Metro

Rivers Police Command Insists Bail Is Free, Amid Startling Revelations

Commissioner of Police in Rivers State, Joseph Mukan, has stated that bail is free. He said this during a live radio programme monitored in Port Harcourt.

CP Mukan said any station or officer that asks for bail from citizens or detainees is corrupt.

He directed victims to report such action to the police headquarters for appropriate sanction.

Corroborating the CP’s declaration, Onyekadi Umah, Esq, in his post Daily Law Tips said that, ‘bail is free and constitutional in Nigeria.”

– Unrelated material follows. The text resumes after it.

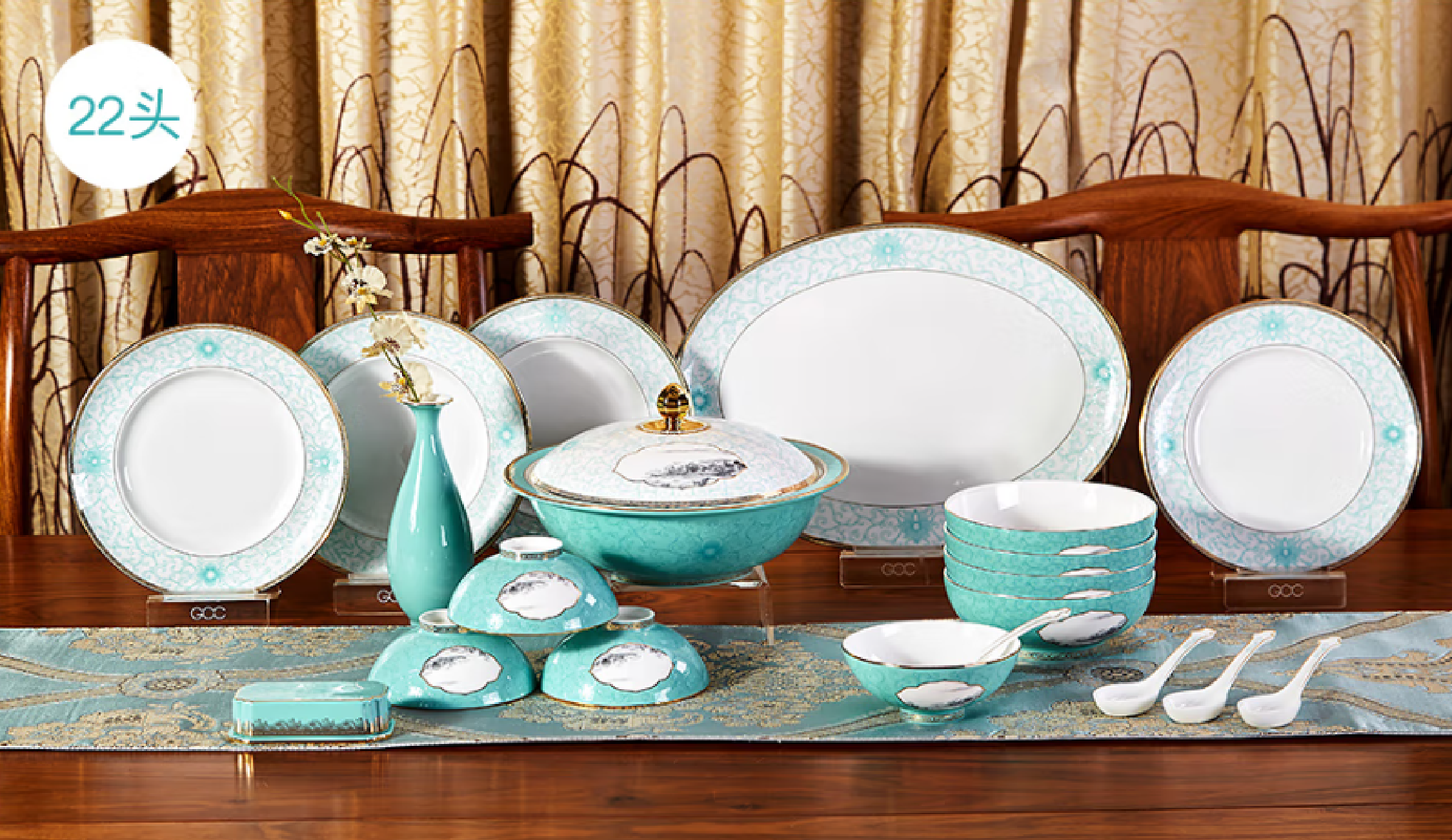 シルクロード22点セットのレトロな中国風のボーンチャイナ食器セット
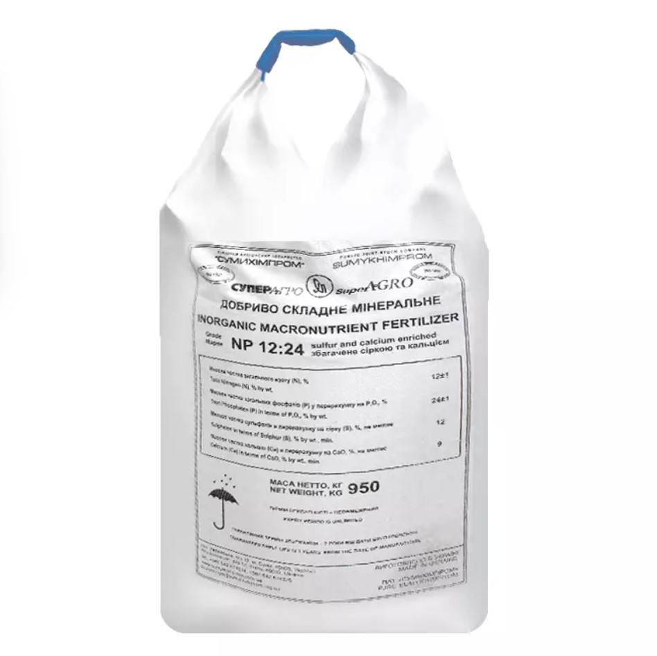 СуперАгро NPS 12:24+12 у народі його ще називають Суперфосфат амонізований NPS 12:24:12 NP(S) 12:24 (12) або Сульфоаммофос NPS 12:24:12 — комплексне добриво, яке містить оптимальну комбінацію поживних речовин для підвищення врожайності та покращення якості сільськогосподарських культур. Це унікальне добриво містить високий вміст азоту (N-12%), фосфору (P-24%) і сірки (S-12%), що забезпечує повне задоволення потреб рослин у цих елементах.

Quoting relevant sections of the constitution – section 35 of the constitution of the Federal Republic of Nigeria and section 27 of the Police Act, sections 17 and 118 of the criminal procedure act, as well as sections 129, 340 and 341 of the criminal procedure code, Umah said that bail remains free in any security agency and any courts of law across the country.

He noted that by the relevant section of the law, police can grant bail to a suspect, just as a court can grant bail to an accused person (defendant) or convicted person.

He further educated the public that, “bail required no fee, gift, processing fee, management fee, surety fee, appreciation fee, file fee or payment whatsoever,” he added that the surety is not supposed to pay money for bail but has a duty to sign a bail bond.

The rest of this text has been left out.